The Office of Gift Planning is the University’s channel for establishing all internal life income gifts, bequests, and Donor Advised Fund (DAF) gifts and supports and collaborates with all schools, departments, units, and University-Associated Organizations to create and manage such activity. The Office of Gift Planning coordinates the administration, follow-up, and donor relations of life income gifts, bequests, and DAF gifts on behalf of the Rector and Visitors of the University and the University of Virginia (UVA) Foundation, as applicable.
All notifications of bequests to which the University or a University-Associated Organization is named as beneficiary shall be directed to the Office of Gift Planning for administration and follow-up. When a bequest is received by any school, department, unit, Center, or University-Associated Organization, the Office of Gift Planning must be notified promptly for recording purposes and may support the receiving entity in managing the receipt of any designated assets. No planned giving proposal may be accepted until the Office of Gift Planning has received documentation confirming the planned gift.
Due to the complexities inherent in DAF gifts and life income gifts, all recommendations to prospective donors regarding such gifts shall be done in conjunction with and with the approval of a Gift Planning Officer. All inquiries for information regarding DAF gifts and life income gifts should be coordinated with the Office of Gift Planning.
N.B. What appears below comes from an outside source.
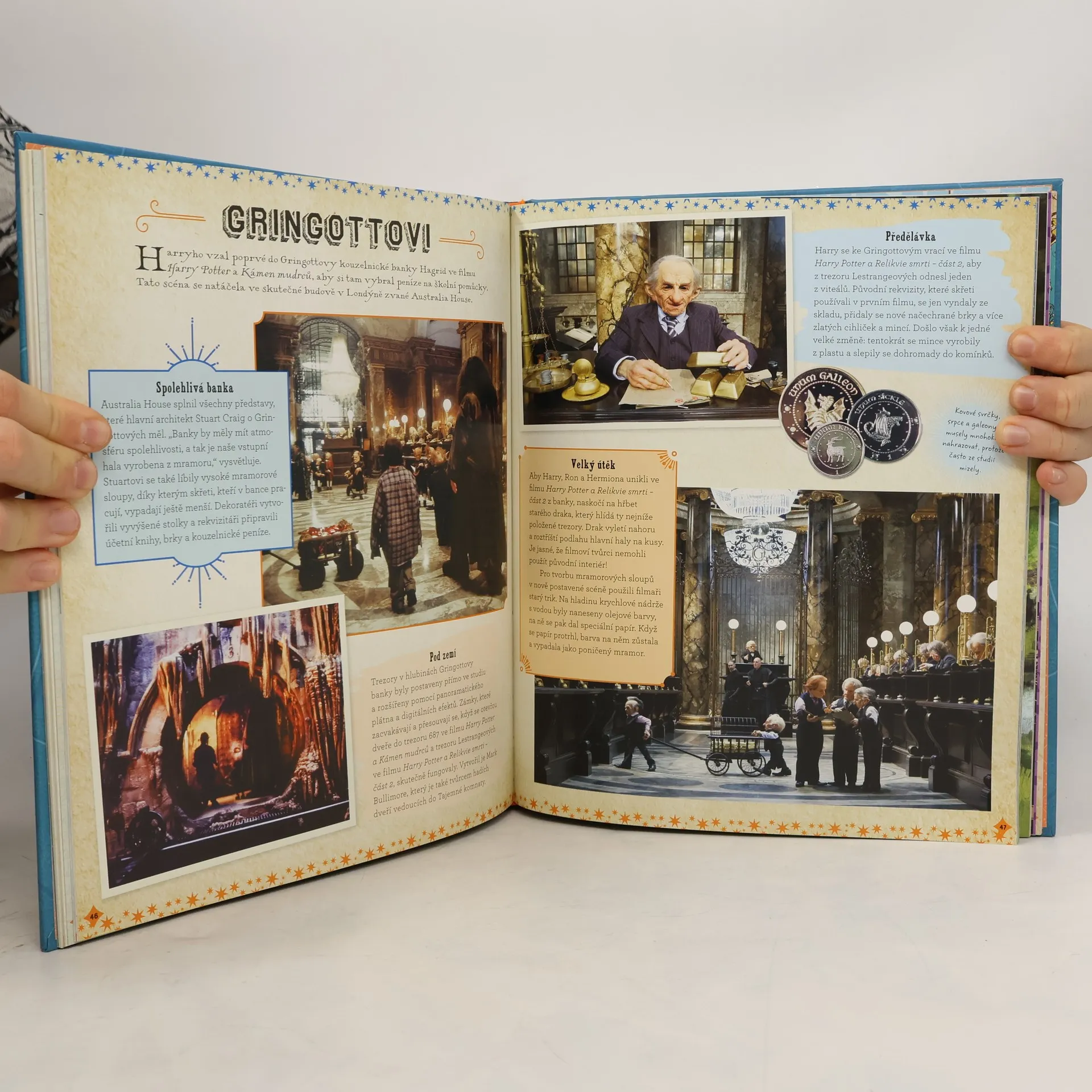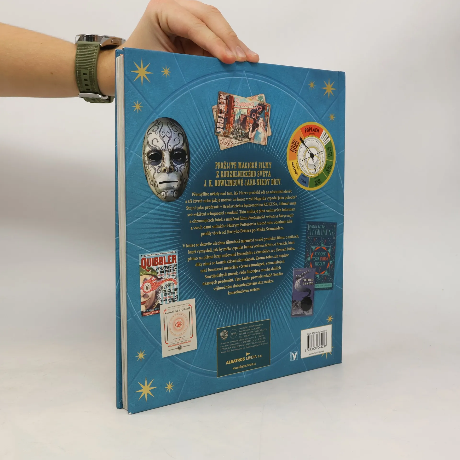 Prožijte magické filmy z kouzelnického světa J. K. Rowlingové jako nikdy dřív. Přemýšleli jste někdy nad tím, jak Harry proběhl zdí na nástupišti devět a tři čtvrtě nebo jako je možné, že herec v roli Hagrida vypadal jako poloobr? Stejně jako profesoři v Bradavicích a bystrozoři na KOKUSA, i filmaři mají zvláštní schopnosti a nadání. Tato kniha je plná zajímavých informací a ohromujících fotek z natáčení filmu Fantastická zvířata a kde je najít a všech osmi snímků o Harrym Potterovi. Kromě toho obsahuje také profily všech od Harryho Pottera po Mloka Scamandera. V knize se dozvíte všechna filmařská tajemství o celé produkci filmu: o snílcích, kteří vymysleli, jak by měla vypadat banka vedená skřety, o hercích, kteří přímo na plátně hrají milované kouzelníky a čarodějky, a o členech štábu, díky nimž se kouzla stávají skutečností. Kromě toho zde najdete také bonusové materiály včetně samolepek, snímatelných smrtijedských masek, čísla Jinotaje a mnoha dalších úžasných předmětů. Tato kniha provede mladé čtenáře výjimečným dobrodružstím skrz naskrz kouzelnickým světem.

Unrestricted planned gifts permit flexible use of funds at the University, but other gifts, such as bequests restricted to create endowed funds, should be established with a contingency clause permitting the University to use the funds in a manner which will most nearly satisfy the wishes of the donor in the event that the original purpose is no longer practicable.
To address the requirement that principal amounts of planned gifts meet minimum funding levels for named endowments when such gifts are realized for use by the University, the Office of the Vice President for Advancement and the Office of Gift Planning, will assist in the creation of endowment agreements and will include provisions in such agreements that address inadequate funding and contingency use. Should the amount of the gift or bequest be insufficient to satisfy the minimum requirements for the establishment of a named endowment as determined by the Board of Visitors, the principal of such gift may be merged with an already existing endowment fund whose purpose most closely represents the desires of the donor.
The Office of Gift Planning will determine the terms and conditions of life income gifts, as applicable. Upon establishment, income will be disbursed in accordance with the applicable trust agreement or annuity contract.
The Office of Gift Planning will coordinate the terms and conditions creating life income gifts as applicable. Upon establishment, income will be paid according to the terms and conditions agreed to in the gift document.
At the termination of each life income gift, all residual assets and funds will be transferred to the beneficiary entity in accordance with the applicable trust agreement, annuity contract, or ancillary documents thereto. Any questions related to life income gifts should be directed to the Office of Gift Planning.
Compliance with Policy:
Failure to comply with the requirements of this policy may compromise the University’s fundraising efforts and donor relations and may result in disciplinary action up to and including termination or expulsion in accordance with relevant University policies.
Questions about this policy should be directed to the Office of University Advancement.
Revised 3/17/23; University-Related Foundation changed to UAO 5/10/22; Added Compliance section 12/20/22; Updated term "Charitable Gift Annuity Contracts" 3/29/19; Updated term "Gifts" 6/22/18; Added Procedures 10/3/17.